Paella de quinua: fusión en las manos de un chef vasco

En una clase magistral, Koldo Royo mostrará hoy cómo prepara este plato español con el insumo peruano

Paella de quinua: fusión en las manos de un chef vasco

Por Catherine Contreras

Aquí y ahora. Esa vendría a ser la “traducción” del nombre Aquiara, negocio que hace poco montó el chef vasco Koldo Royo, después de 20 años de estar dedicado a su restaurante propio en Palma de Mallorca, donde ostentó una estrella Michelin que le llegó a pesar, hasta que un día decidió seguir el camino que su intuición le dictaba.
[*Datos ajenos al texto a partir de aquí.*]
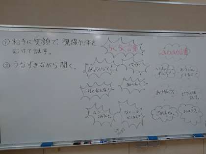 言われて嬉しい気持ちになる「ふわふわ言葉」、悲しい気持ちになる「ちくちく言葉」を確認して、実際にペアになりソーシャルスキルトレーニングをしました。

El chef, invitado al Perú por Grupo Gastronómico, conversó con El Comercio sobre esta etapa de su vida, y de un nexo que lo une al Perú: los insumos.

Eres de San Sebastián, pero vives en una isla…
Me fui a Mallorca, me enamoré de ella y de una mujer, y me quedé. Llegué en el 85, y a los cuatro años puse mi restaurante porque soy de una familia que montaba negocios.

¿Tu restaurante duró mucho?
Fueron 20 años hasta que dije: “Paro”; quería cambiar, ¡fuera, Michelin! Veía que en España venía una circunstancia diferente, difícil, y me di cuenta de que hacer cambios en marcha no eran aceptados, mejor parar. Yo cumplía los 50, y dije lo hago ahora o nunca, no era una cuestión económica, era una decisión propia. Me dediqué a hacer cosas que tenía ganas de hacer.

¿Y cómo era tu cocina antes de los 50?
Creo que como ahora, solo que hay que saber parar y mirar, ¿no? Era una cocina sabrosa, con ideas muy claras, en que alguno que otro me exigía renunciar a lo que yo pensaba. Ahora he parado para hacer lo que yo quiero hacer.

¿Y en qué no querías seguir? ¿La estrella Michelin pesó?
Sí. Con la estrella Michelin tuvimos un amor con discusiones. La tuve 20 años, ¿y por qué pasó que “este año no te la doy” (hay gente que decía “renuncio”, yo no he renunciado a ella)? Porque discutí con el hombre que la hace, porque él no creía que venía a España una crisis. Y yo sí lo intuía. Le dije: “Arriba puedo tener un restaurante, y abajo un buen bistró para que la gente se acostumbre a que en algunos locales pueda comer también barato. ¿Por qué sí en Francia y en mi casa no?”.

¿La guía es demasiado encorsetada?
Es que va a tener que cambiar. Yo me he equivocado en muchas cosas en mi casa, y ellos en tantos años también se equivocan. Hay una cosa que dicen los grandes sobre las estrellas: una y dos son pasar pena, con tres ganas dinero porque haces publicidad. Yo digo que es triste que tengas un restaurante con estrella y tengas que vivir de la publicidad en vez de tu negocio.

¿Al cabo de esta etapa, qué hiciste?
Tomé un año sabático y ahora tengo un restaurante muy divertido, como el que mi padre tuvo: un bar de tapas, donde puedes comer rico, a buen precio, y arriba tengo salones para eventos. Somos 6, y preguntamos: “¿Qué quieres comer?, todo se te hace”. Koldo Royo existe igual, es un agente. Ahora es Aquiara, que significa aquí y ahora.

¿Cómo será tu presentación en el Perú?
Voy a hacer una fideua, una paella de quinua, algo con langostinos y una buena tapa. La idea es intercambiar ideas con muchos cocineros que van a estar ahí, y arropar un acto que me parece fundamental, porque los protagonistas son los “dioses de la cocina peruana”, yo soy un invitado.

Se te siente agradecido con el Perú…
Muchas cosas de aquí llegaron a España. Si miras la cocina española antes y después del descubrimiento, es otro mundo. Gracias a vosotros nacieron platos como el marmitako [del que una vez Koldo fue campeón]. Es sudamericano totalmente: un guiso con papas, pimiento verde y rojo, cebolla, chile y atún o bonito del norte.

LA CONFERENCIA
Hoy a las 4 p.m., en el auditorio del colegio San Agustín (San Isidro). Entradas a la venta en Teleticket.